= Andrew Mercer (poet) =

Scottish poet and topographer

Andrew Mercer (1775–1842) was a Scottish poet and topographer.

==Life==
Mercer was born in Selkirk. Destined for the ministry of the Secession Church by his family, in 1790 he entered the University of Edinburgh. Ultimately he gave up theology, studied the fine arts, and tried unsuccessfully to make a living in Edinburgh as a miniature-painter and man of letters. He was acquainted with John Leyden and Alexander Murray.
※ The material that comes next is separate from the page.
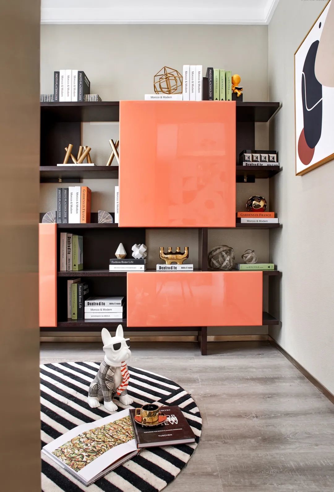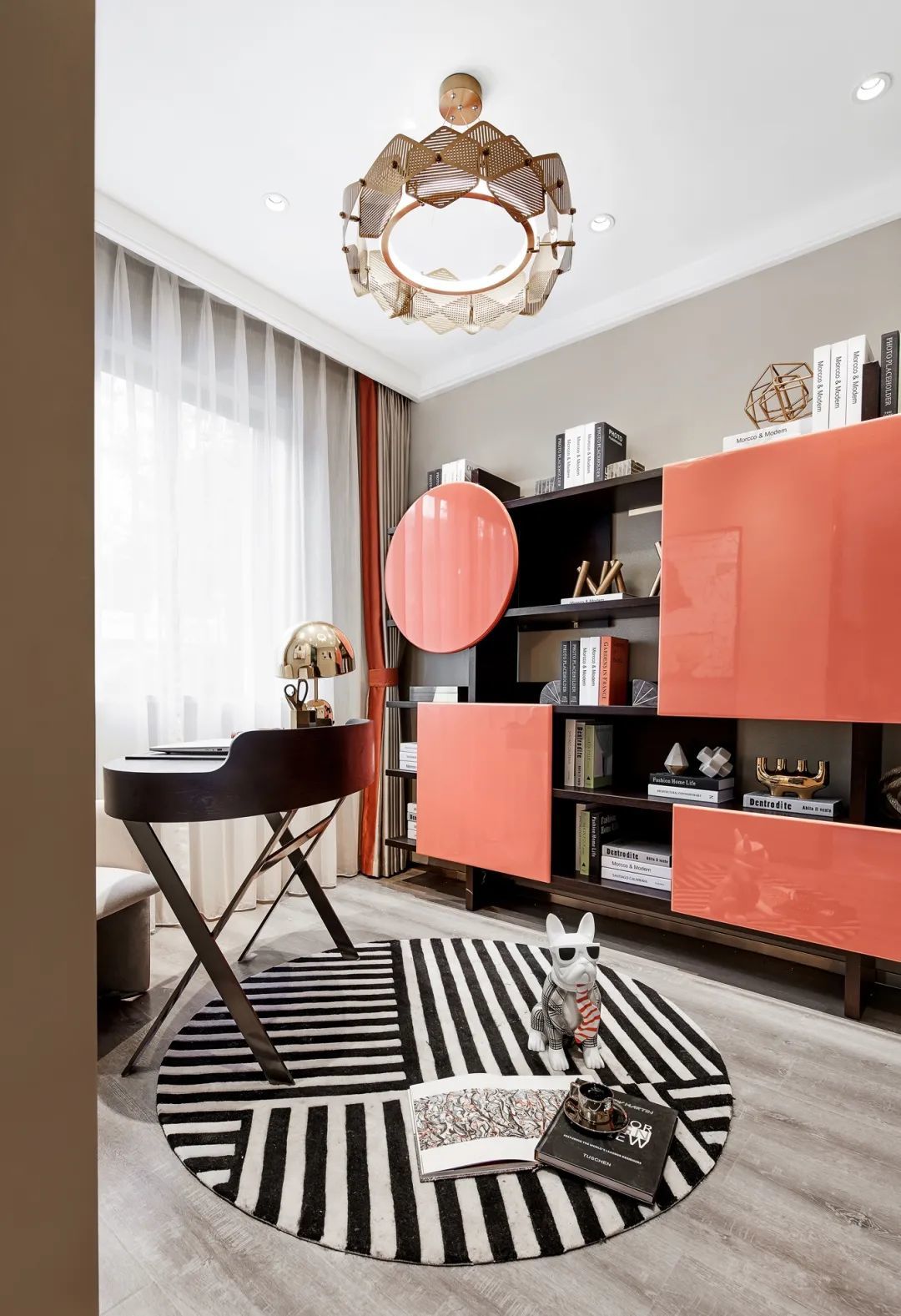 ▲在地面布置圆形的斑马图案地毯,摆上一张简雅的书桌椅,侧边橘红色的书柜,色彩搭配活力、造型也是优雅高级,布置书籍与金属摆饰品,显得端庄而华丽。
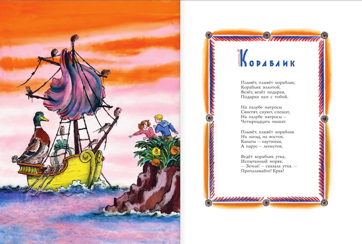 Книга «Плывёт, плывёт кораблик...»  –  маленький шедевр, плод творчества двух больших мастеров детской книги – поэта С.Я. Маршака (1887-1964) и художника-иллюстратора В.М. Конашевича (1888-1963). Поэт и художник дружили и стали соратниками и соавторами книг для детей. В 20-х годах прошлого века началось их плодотворное сотрудничество. Первое издание книги вышло ещё при жизни С. Маршака в 1963 г. в Детгизе. Наша книга - репринт этого издания. В составе книги английские народные детские песенки «Кораблик», «Маленькие феи», «Робин-Бобин», «Перчатки», «В гостях у королевы», «Дом, который построил Джек» и другие.

Settling in Dunfermline, Mercer lived by teaching and by drawing patterns for the damask manufacturers. In later life he suffered money troubles. He died at Dunfermline, 11 June 1842.

==Works==
Mercer's major work was a History of Dunfermline from the earliest Records (Dunfermline, 1828). There was also published under his name a Historical and Chronological Table of the Ancient Town of Dunfermline from 1064 to 1834: an abridgment of a manuscript by Ebenezer Henderson, Annals of Dunfermline from the earliest Records to 1833. He was the author of a poem on Dunfermline Abbey (Dunfermline, 1819), and a volume of verse, Summer Months among the Mountains (Edinburgh, 1838).

Mercer wrote both in prose and verse for Blackwood's Edinburgh Magazine and The Scots Magazine. He edited the North British Magazine during its existence of two years (or 13 months) from January 1804.